Таким образом, Дильтей уже наметил — правда, лишь в самых общих и беглых чертах — ту «критику исторического разума», разработка которой стояла на очереди; но сам он все еще слишком мало различал логическую противоположность познавательных точек зрения от противопоставления объектов научного исследования и последнее ставил в основу своей группировки наук, в которой «науки о духе» сливаются с историей.
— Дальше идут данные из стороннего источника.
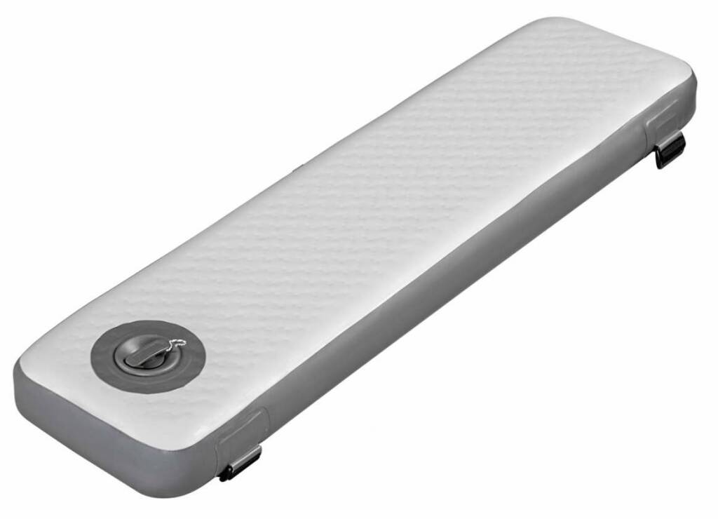 Надувная накладка на сиденье размером 1100 на 250 мм и толщиной 80 мм . Оснащена двумя крепежными ремнями для фиксации на фанерном лодочном сиденье. Накачивается через воздушный лодочный клапан типа «голубев».

Впрочем, за несколько лет до появления вышеназванного труда берлинский профессор Гармс, в некоторых отношениях довольно близко стоявший к Фихте, выступил с более ясным делением «частей философии»: с теоретико-познавательной точки зрения он различал не науки о природе и «науки о духе», а науки естественные и исторические («Naturwissenschaften» и «geschichtliche» Wissenschaften) — по действительному различию «между формами и методами их познания»; в отличие от обобщающего естествознания, признающего индивидуумы только экземплярами, исторические науки имеют дело с индивидуальными и личными отличиями; то же самое, что мы понимаем как природу, можно понимать и как «историю»; она может избрать своим объектом хотя бы «целый мир». Следует заметить, однако, что Гармс ставил «форму познания» в тесную зависимость от его «содержания»; он полагал, что каждая наука обладает истиной лишь в согласованности (Uebereinstimmung) формы познания с его «предметом»; он различал «содержание природы» от «содержания истории» и противополагал «природе» «историю».

Глава вторая

Основания идеографического построения исторического знания

Идеографическое построение стремится к объединению наших исторических знаний с той познавательной точки зрения, которая обнаруживается в нашем «интересе» к конкретной действительности. Ввиду такой именно познавательной цели историк не может довольствоваться обобщением и образует особого рода индивидуальные понятия. Во главе их можно, конечно, поставить понятия об индивидуальном и его историческом значении; благодаря им множество представлений об отдельных чертах действительности уже получает некоторое единство. Этих понятий, однако, недостаточно для того, чтобы установить реальное отношение между историческими фактами: оно конструируется при помощи понятия о фактически необходимой причинно-следственной связи между ними. Впрочем, и последнее понятие слишком мало охватывает сложную историческую действительность: в сущности, лишь понимая ее как целое, в котором отдельные факты получают значение частей и занимают определенное положение, можно достигнуть высшей степени объединения изучаемых нами исторических данных.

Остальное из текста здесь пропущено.